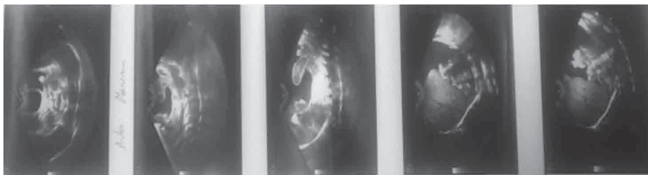
FIGURE 2. Postpartum ultrasound images showing fetal ascites

Hydrops fetalis is excessive fluid accumulation in the subcutaneous tissue in the form of oedema and the body cavities such as ascites, pleural and pericardial effusions. Hydrops fetalis can be mainly catego-
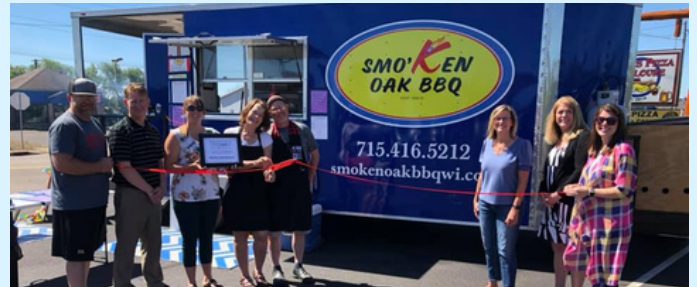
June 18 Ribbon Cutting to celebrate Smo'Ken Oak BBQ
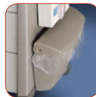
Waste Container With Lid
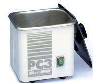
Quantrex Ultrasonic Cleaning System
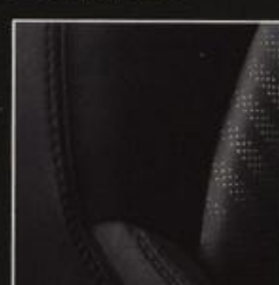
T8FP Punch leather 1,2 Carbon Black/Beige
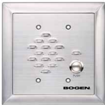
Shown with bezel frame (included)
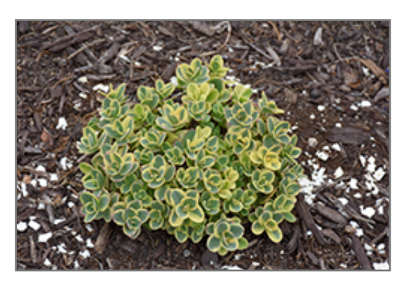
Lime Twister Stonecrop

Lime Twister Stonecrop will grow to be only 4 inches tall at maturity extending to 6 inches tall with the flowers, with a spread of 18 inches. When grown in masses or used as a bedding plant, individual plants should be spaced approximately 15 inches apart. Its foliage tends to remain low and dense right to the ground. It grows at a fast rate, and under ideal conditions can be expected to live for approximately 15 years. As an herbaceous perennial, this plant will usually die back to the crown each winter, and will regrow from the base each spring. Be careful not to disturb the crown in late winter when it may not be readily seen!
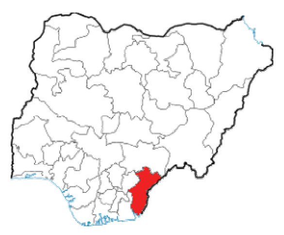
Figure 2: Nigeria showing study area: Cross River State –one of Nigeria's 36 states where the southern coastal Calabar city is capital, is shaded

Drawing from insight to the region as recently provided (Ukwayi, Ingwe, and Ojong, 2012), the region has an area of 472,704 square kilometers comprising two Local Government Areas (Calabar Municipality, 194,274 square kilometers, and Calabar South, 278,430 square kilometers. Increasing socio-economic activities is pushing the statutory boundaries of Calabar region beyond the foregoing confines. Reports of Nigeria's 2006 census put the city region's population at 371,022 (i.e. Calabar Municipality; 179,392 and Calabar South; 191, 630 (Nigeria 2007). The city-region has a reputable political and economic history in Nigeria. Its sea route and natural seaport potentials facilitated travel, arrival and establishment of a European slave trade depot that contributed large population of slaves from this part of the world to the global Trans-Atlantic Slave Trade. These facilities encouraged trade in other commodities (oil palm etc., between the Europeans and the Calabar (Efik) people. The region served as the administrative capitals for the following political entities: Southern Nigeria Protectorate, Nigeria as an amalgamation of Southern and Northern Protectorates before the capital was moved to Lagos. Thereafter, it became the capital of South Eastern State and currently Cross River State.
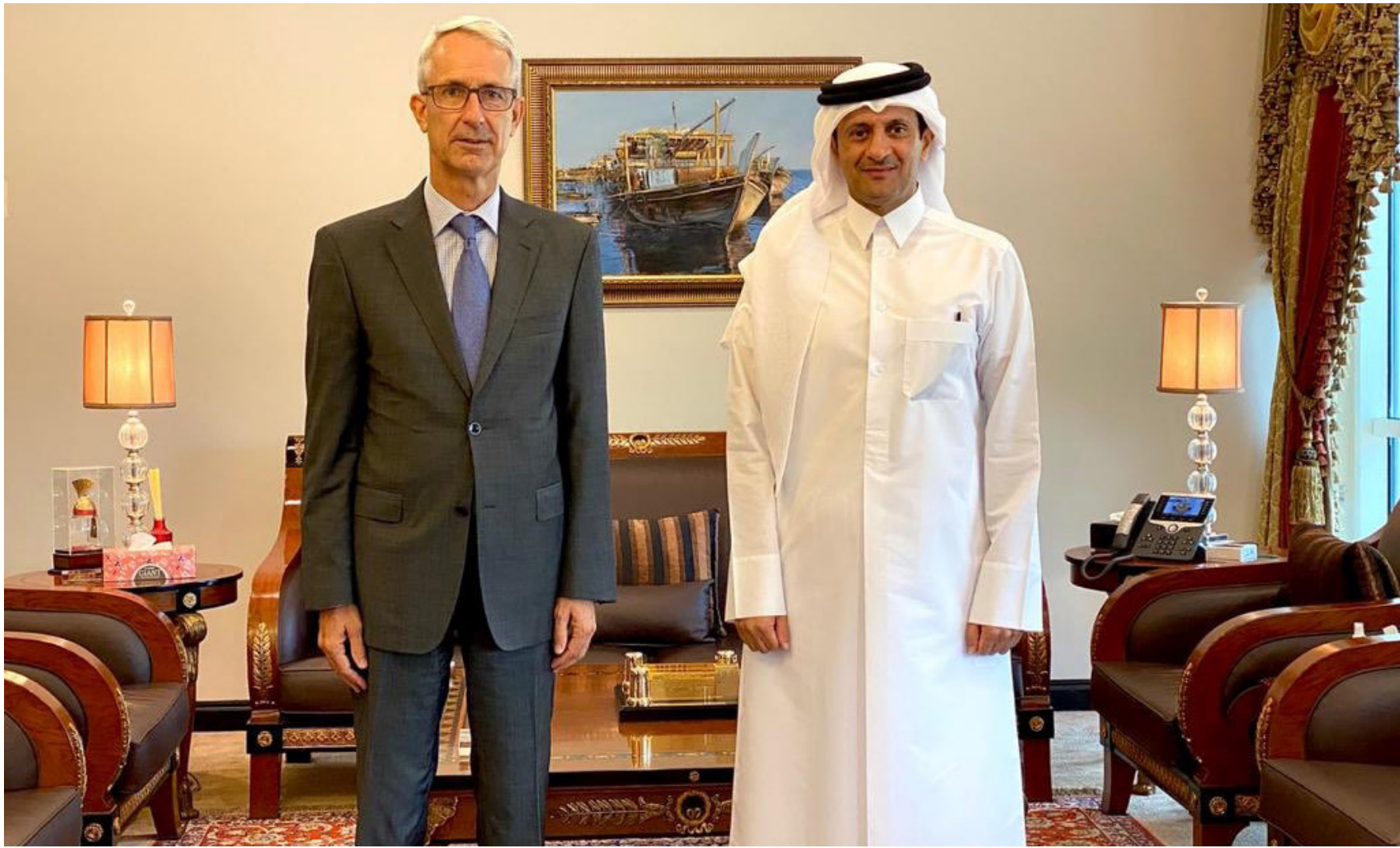
ISLAMABAD: Ambassador of the Netherlands posing for a picture Ambassador of UAE Hamad Al Zaabi.

* **Your goal**: Looking at the listing above, which lines run from the one containing "Quantrex Ultrasonic Cleaning System" through the one containing "Figure 2: Nigeria"? Print exactly those, ends included, pictures excluded.

* **Solution**:
Quantrex Ultrasonic Cleaning System
T8FP Punch leather 1,2 Carbon Black/Beige
Shown with bezel frame (included)
Lime Twister Stonecrop

Lime Twister Stonecrop will grow to be only 4 inches tall at maturity extending to 6 inches tall with the flowers, with a spread of 18 inches. When grown in masses or used as a bedding plant, individual plants should be spaced approximately 15 inches apart. Its foliage tends to remain low and dense right to the ground. It grows at a fast rate, and under ideal conditions can be expected to live for approximately 15 years. As an herbaceous perennial, this plant will usually die back to the crown each winter, and will regrow from the base each spring. Be careful not to disturb the crown in late winter when it may not be readily seen!
Figure 2: Nigeria showing study area: Cross River State –one of Nigeria's 36 states where the southern coastal Calabar city is capital, is shaded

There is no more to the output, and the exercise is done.